I don't particularly love Jobs, but I do think Apple would have been much better off had they pushed the envelope 25 years ago instead of resting on their laurels, letting Microsoft dominate the market with poor copies of the Mac. Innovation is the key to survival in the micro-computing business. Microsoft has show us what happens to a company that fails to do it, with stale imitative flop after flop. What Jobs would have brought to the table then as now is fire. The guy will do what it takes to get what he wants, he doesn't seem to care about the money as much as the triumph.And that's where everybody else underestimates Apple.

 

Jelly

Member
Funny how divers people are thinking about Apples development through the years. My first Mac was a Colour Classic with external Power CD (2499 and 699 dutch guilders new @ Correct in some sale) and from that moment things only got better. There was no Jobs at Apple, I believe Sculley was also gone and there were new models coming every now and then to suburban Holland. My country was, for Apple, in those days, a part of Apple Scandinavia, with very low focus.
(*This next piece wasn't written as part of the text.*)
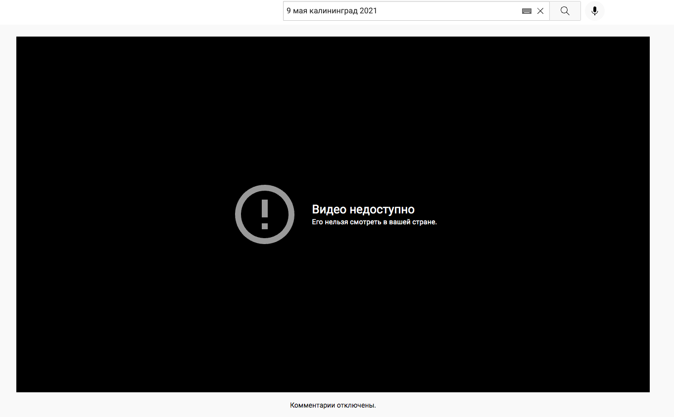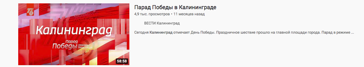10 absented Политика Занятненько... 3 года назад Хотел посмотреть, что и как было в прошлом году на 9-е Мая в Калининграде, и области в целом. И вот такой "прикол" на ютубчике: [моё] Политика YouTube 9 мая - День Победы Калининград Россия 1 Ещё 0

It changed later on by the way and Holland (Benelux) is a tier 1 country now, which means dutch is always in the first tier for software localization.

My second Mac was a 5500 black mac, zillion times bigger/faster, still not very expandable, and that is exactly what somebody before me wrote here: I had the money and expansion sounded complicated and expensive, buying a new one is only expensive, not complicated and fun!

After the 5500 I bought the first iMac 233. Also no expansion, also expensive and also a loads of fun.

Buying new Macs has always been fun for me, like I even like to buy old Macs now for fun. Apple = emotion, an old manager once told me, and that emotion is positive for most people.